Today I start Descovy as PrEP.
It’s been a bit of an ordeal getting here, but grateful and amazed that the option is available.
I take my health seriously.
I take my sexual health very seriously.
I take my sexual freedoms seriously and responsibly.
I’m HIV-. I can’t account for that in any real way given the time, place, and the actions of my 20’s and 30’s. Nonetheless, I am.
Joe (Ralph’s partner) is HIV+. He was positive for years before we met. He told me his status on our first date.
It had been, for me, 10 years of losing friends, co-workers, lovers. It had been years working in hospice care and running a group for sero-discordant couples. It had been 10 years of shutting myself down and closing myself off to penetration of my heart and my body.
But, in that moment, I knew this was the great love of my life.
Once in a while, I have a cellular knowing. This was one of those times.
I couldn’t, I wouldn’t, let fear of transmission force me to lean out of this relationship.
I had tasted such freedoms and then sealed them off so completely for the sake of a survival that was without love, intimacy, or full sexual expression.
Why? What was the point beyond mere survival?
To paraphrase Anais Nin, it was more painful to risk remaining closed off to love and sex, than it was to risk letting them blossom.
And they have.
It’s been 26 years in a sero-discordant/magnetic couple.

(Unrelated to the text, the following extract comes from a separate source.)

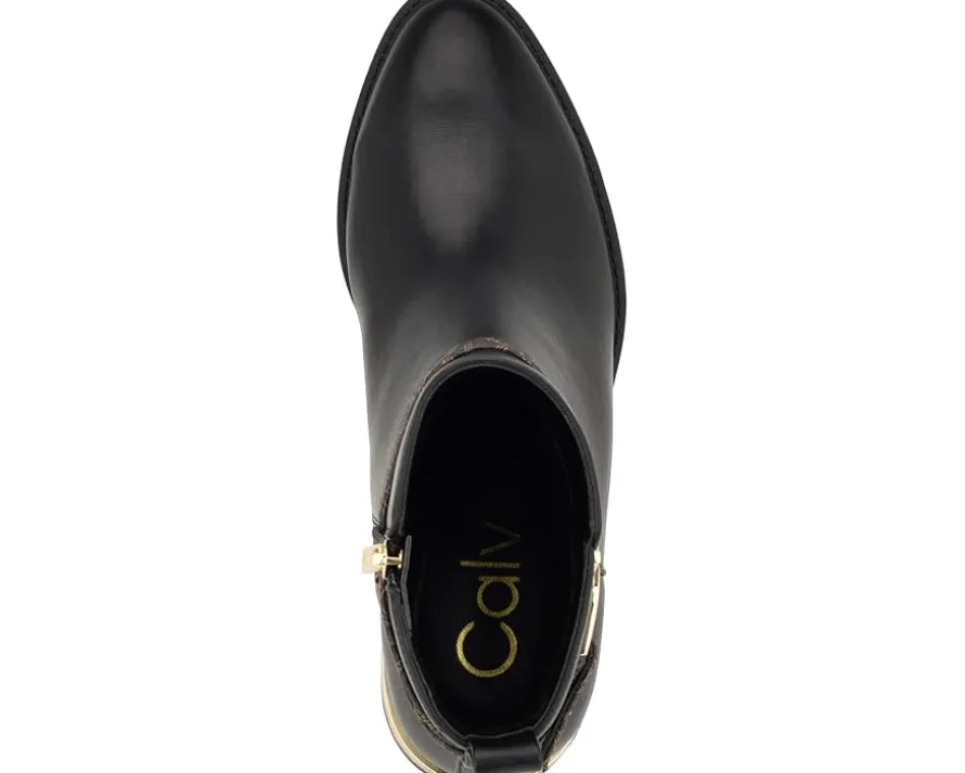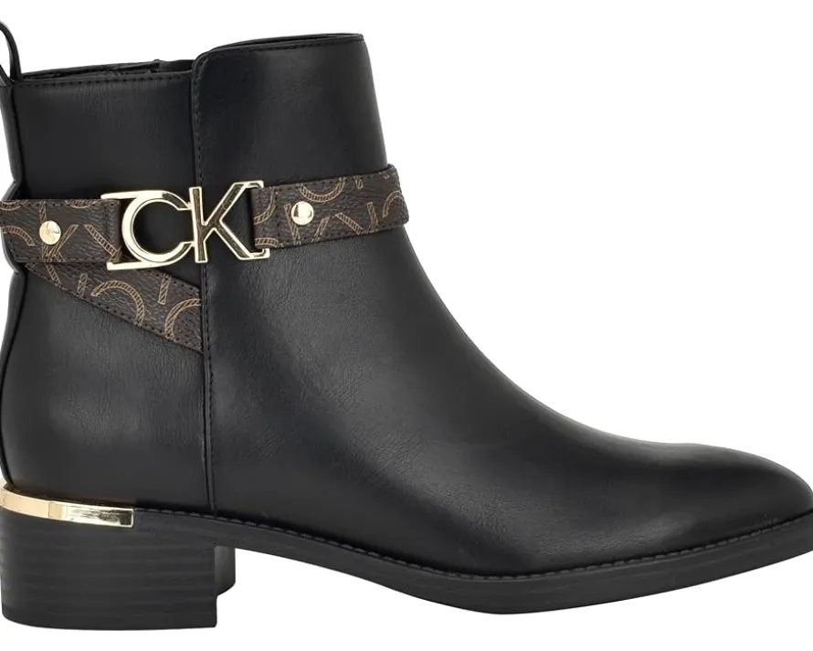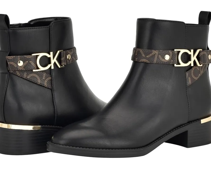 - Make life easier and impress everyone around you with a stylish look by wearing Calvin Klein® Dhara boots. The boots feature an almond toe and zipper closure. It is crafted from patent faux leather upper, textile/man-made lining, and comfortable insole.

We used condoms (yes, I hate them, and yes, they can be boner-killers). We were monogamous for over a decade. We learned to play both safely and deliciously.
Move Onto 2015
Joe and I had the same doctor. Great guy, and an Infectious Disease specialist. He recommended that I go on Truvada. Even though Joe was undetectable and untransmittable, we were open and sometimes I was versatile and not an exclusive top. Just to be safe, he said. I thought about it for a while and conceded that it was a good idea. I started PrEP.

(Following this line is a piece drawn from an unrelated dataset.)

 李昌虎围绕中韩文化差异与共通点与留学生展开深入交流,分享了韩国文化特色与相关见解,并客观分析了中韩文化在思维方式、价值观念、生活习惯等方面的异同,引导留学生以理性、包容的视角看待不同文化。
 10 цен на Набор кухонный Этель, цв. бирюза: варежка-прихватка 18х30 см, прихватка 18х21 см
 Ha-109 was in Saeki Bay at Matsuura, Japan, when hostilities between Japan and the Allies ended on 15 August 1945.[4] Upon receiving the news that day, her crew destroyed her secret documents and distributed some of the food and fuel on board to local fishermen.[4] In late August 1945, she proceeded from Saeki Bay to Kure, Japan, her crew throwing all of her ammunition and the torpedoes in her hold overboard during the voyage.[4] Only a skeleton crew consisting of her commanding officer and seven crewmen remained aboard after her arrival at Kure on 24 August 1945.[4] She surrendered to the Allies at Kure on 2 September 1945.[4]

Joe and I went to Provincetown a number of months after. It was a wonderful vacation. One day hanging out at the house, I asked him to bareback me.
I had not done that in decades. We had never done that.
On that day, in the rain, in Provincetown, we did. It was so beautiful, hot, intimate and erotic. As he shot inside me, everything about my youth, my sex, our sex, liberations and prohibitions, fear, death, freedom. All of it flooded my head and fired up my brain. I wanted to stay in that moment forever.
All of the feelings, all of the sexual territory that had been ceded so long ago, the intimacy, the vulnerability, the fucking lust and abandon of the moment flooded me.
I never thought I would have that again.
I couldn’t let him go.
We clung and cried.
2019.
So, when I got my doctor’s email that he was concerned about elevations in my kidney functioning, come back for more tests and go off the Truvada in the meantime, it was not transactional for me. It brought up the same fears, the same losses, and rolled back a freedom that had been granted and now might be withdrawn.
I went back. Gave more blood for more tests.
Still elevated.
I could go off Truvada or I could change frequency to “on demand” PrEP which might have a lower toxicity – this means taking 2 tablets anywhere from 2 to 24 hours before sex, one tablet 24 hours later and another one 24 hours after that (it’s called 2-1-1). This way you lower the overall exposure and therefore toxicity of the medication. Or. I could try Descovy, which wasn’t FDA approved for PrEP so not covered by insurance.
It has been a rough bunch of months making these choices. When people say these are simple decisions, I believe, they are wrong. The answer may be obvious but the process of getting to a decision isn’t simple. At all. I have stayed on the daily dosage of Truvada. I’m comfortable with that choice and any ramifications. My body. My decision.
Today, however, I start my daily dose of Descovy. It is now covered, and my co-pay is the same. They believe that the small percentage of people who have side effects with kidney function and bone density on Truvada will do better on Descovy. I’m betting that I’m one of them.
Today I have hope and security in my decision. Today I have gratitude for the advances that have been made thus far. Today my joy is tempered with the knowledge that we still have no cure. So many decades, so many lost, and still no cure.
I am not a warrior. I am a survivor.
I am not a “Truvada whore”. I am a fully expressive sexual being.
I take my health seriously.
I take my sexual health very seriously.
I take my sexual freedoms seriously and responsibly.